Hockey Thinking is Medieval, and the Expansion Draft is Exposing That

Although the results of the 2017 Expansion Draft are still more than two full days from being revealed to the public, the lists of protected players have already been announced. All 30 teams protected one goaltender, and 24 clubs elected to go with the conventional method of protecting seven forwards and three defenseman, while six (Arizona Coyotes, Los Angeles Kings, Nashville Predators, New Jersey Devils, New York Islanders, and Pittsburgh Penguins) protected eight skaters. Due to the nature of this expansion draft compared to the ones that took place in the past, there was guaranteed to be more talent available to George McPhee and the Golden Knights than ever before.

No matter what the thirty general managers who fielded hockey teams this past season did, most of them would be losing a player of value for nothing to Vegas. There were ways for certain teams to minimize the damage, and some teams took advantage of those possibilities. However, a number of teams made head scratching decisions when they assembled their protection lists. As the game of hockey has evolved and statistical analysis has become a more important tool in player evaluation, it has become easier for the public at large to scrutinize decision making around the league. Thankfully, Jeff Gorton didn’t throw any curveballs and elected to use his protection slots in the most sensible way he could.

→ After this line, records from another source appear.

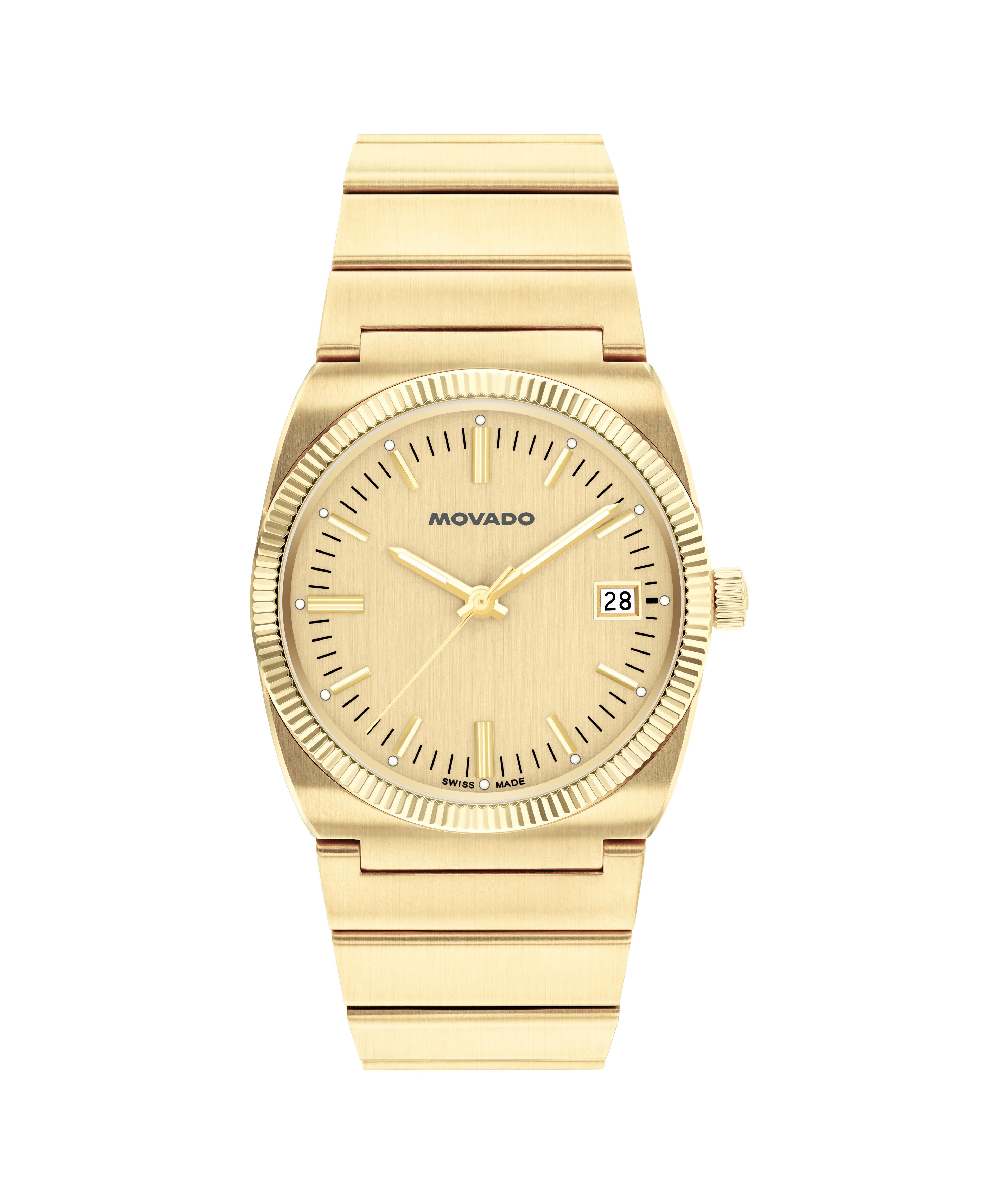 The Heritage Series Ondoplan echoes the distinctive styling of our 1970s Electronic Surf Series, highlighted by a wave-inspired fluted bezel and integrated bracelet. This 36mm watch features a pale gold dial, fluted bezel, and yellow gold-tone hands.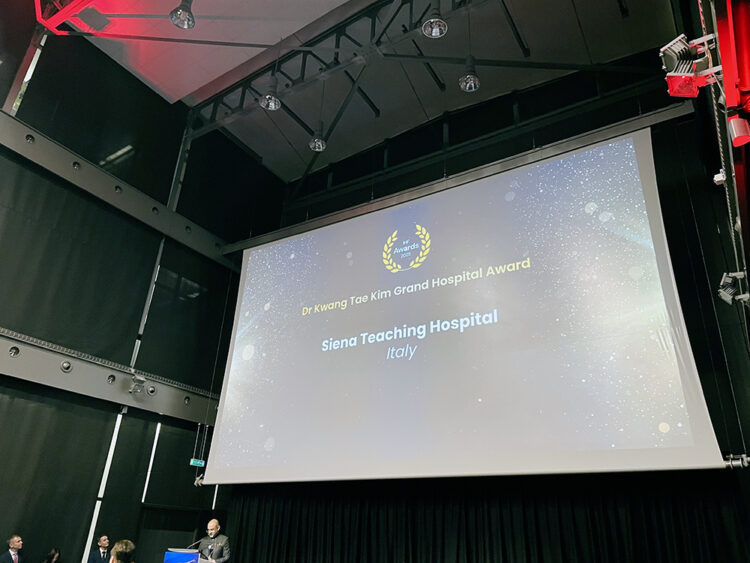 Per la categoria “Grand hospital Award”, che premia gli ospedali eccellenti in cinque dimensioni dei servizi sanitari (qualità dei servizi, esperienza del paziente, efficienza, benessere del personale, equità e accesso alle cure), l’Aou Senese è risultata finalista insieme ad altre 9 organizzazioni sanitarie provenienti da Asia orientale e Medio Oriente, ricevendo durante la cerimonia di premiazione il riconoscimento di “Menzione d’onore” (“Honourable mention – Siena Teaching Hospital”).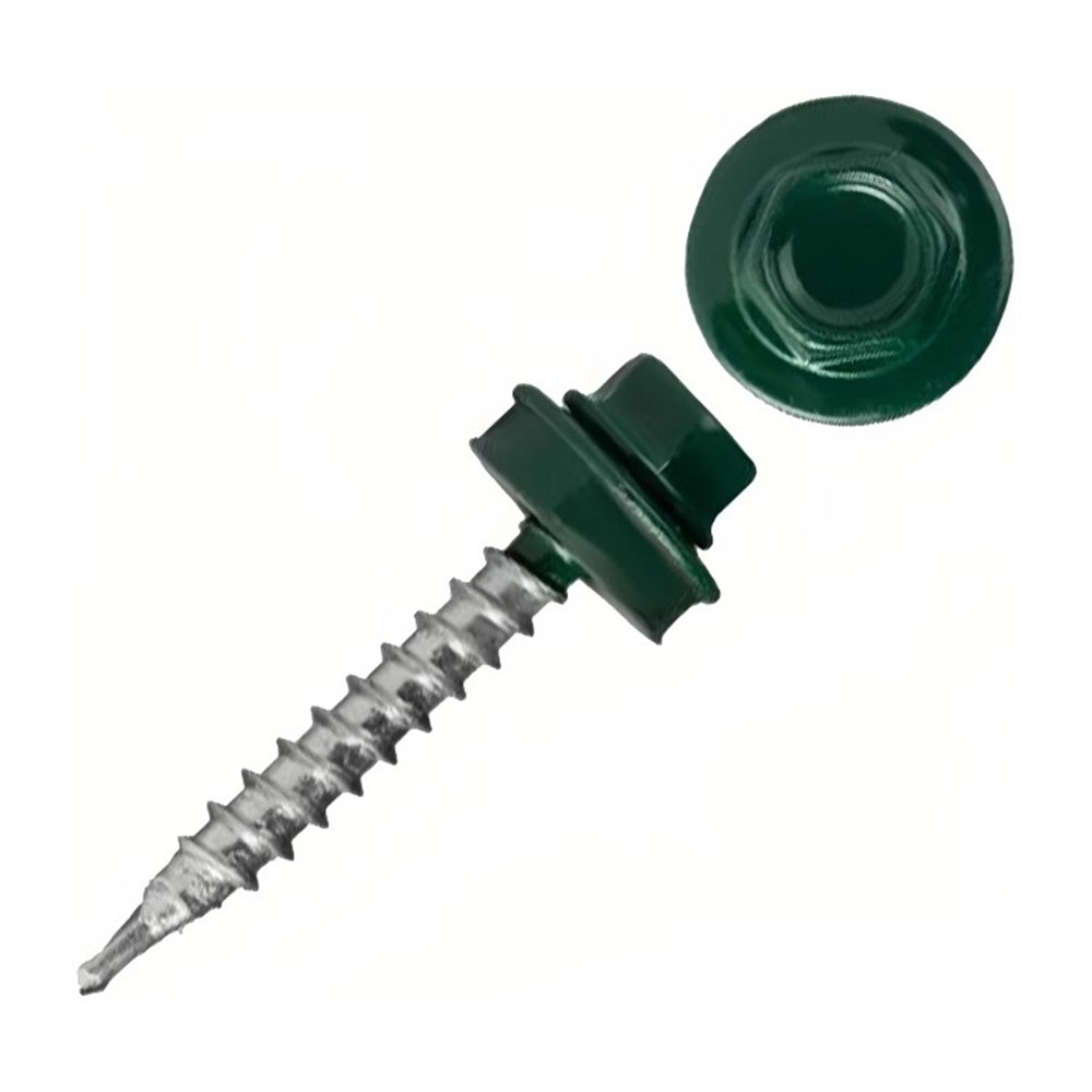 Саморез кровельный 5.5х19 мм Ral 6005 Зеленый - применяются для крепления металлочерепицы к деревянным и металлическим кровельным конструкциям. Изготовлены из оцинкованной стали. Наконечник - сверло. Саморез комплектуется шайбой и резиновой прокладкой EPDM. Головка шестигранная с буртом.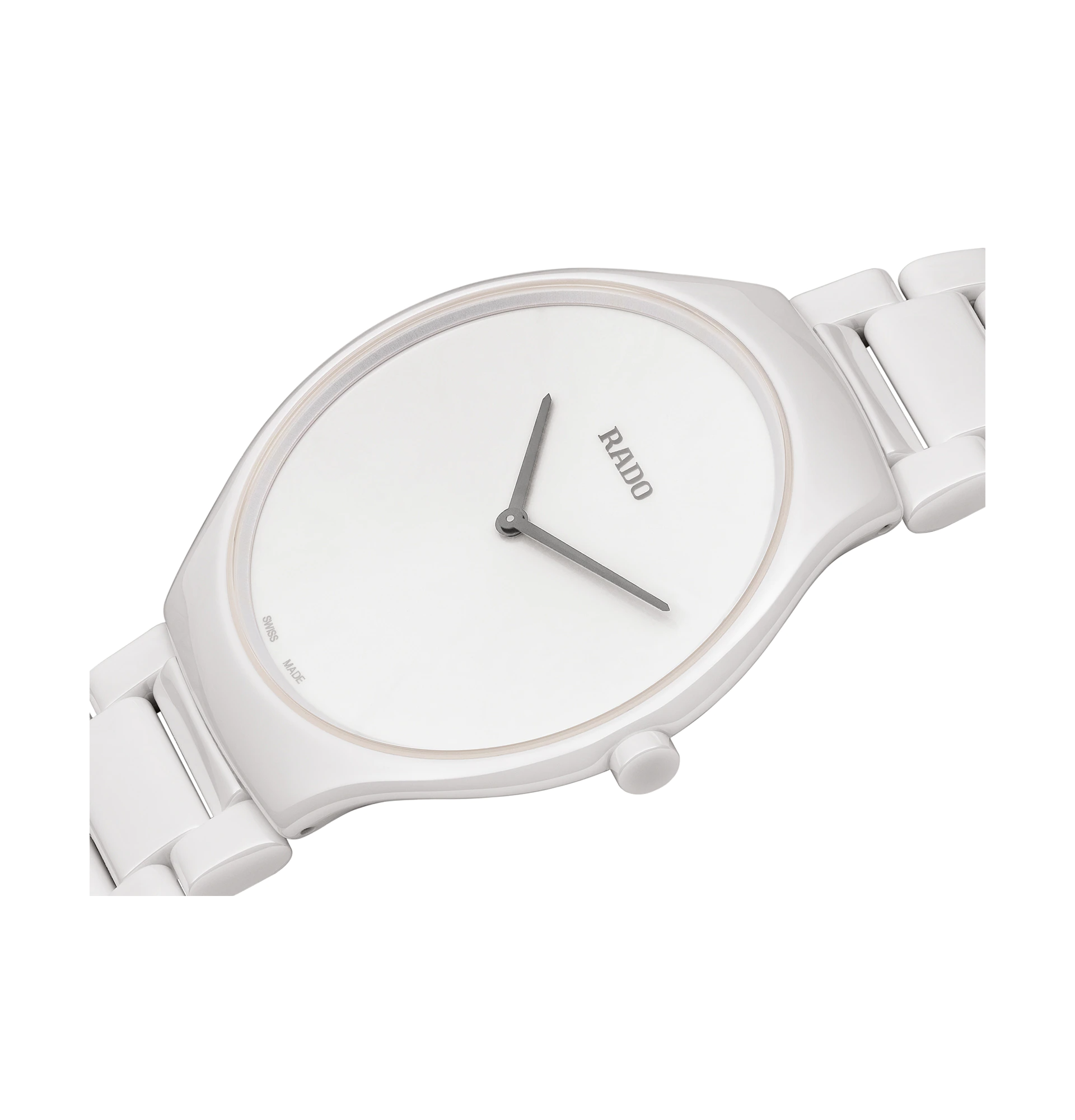 Модель создана в сотрудничестве с Grandi Giardini Italiani - ассоциацией садов Италии Rado True Thinline R27957012 , кварцевый механизм с высокой точностью. Сапфировое стекло устойчивое к появлению царапин, обладающее высокой прозрачностью. Класс водозащиты: 30 метров, позволит защитить корпус от случайных брызг или капель дождя. Корпус часов изготовлен из керамики, цвета.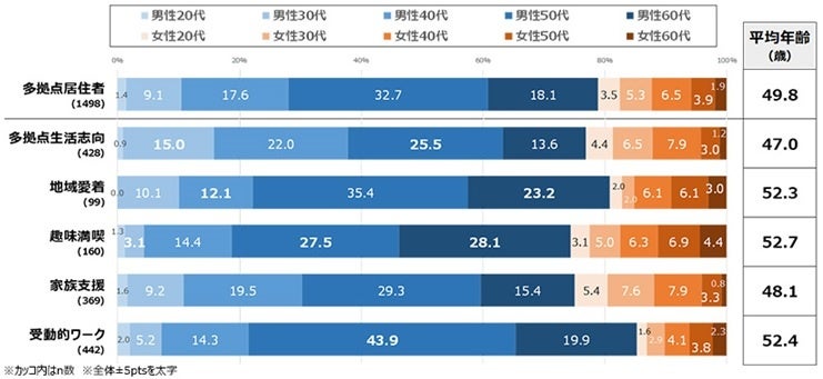 多拠点居住者は8割が男性、男性40代が最も多い傾向

Unfortunately, (or fortunately depending on your rooting interests) not every team decided to go with who conventional wisdom would say to protect. That’s fine in some cases, as there could be valid reasons to opting to prioritize one player over another depending on the circumstances. However, if history is anything to be learned from, we can assume that NHL general manager don’t always make the best choices for their clubs, and the expansion draft seems to be the worst, league-wide case of sub-optimal decision making.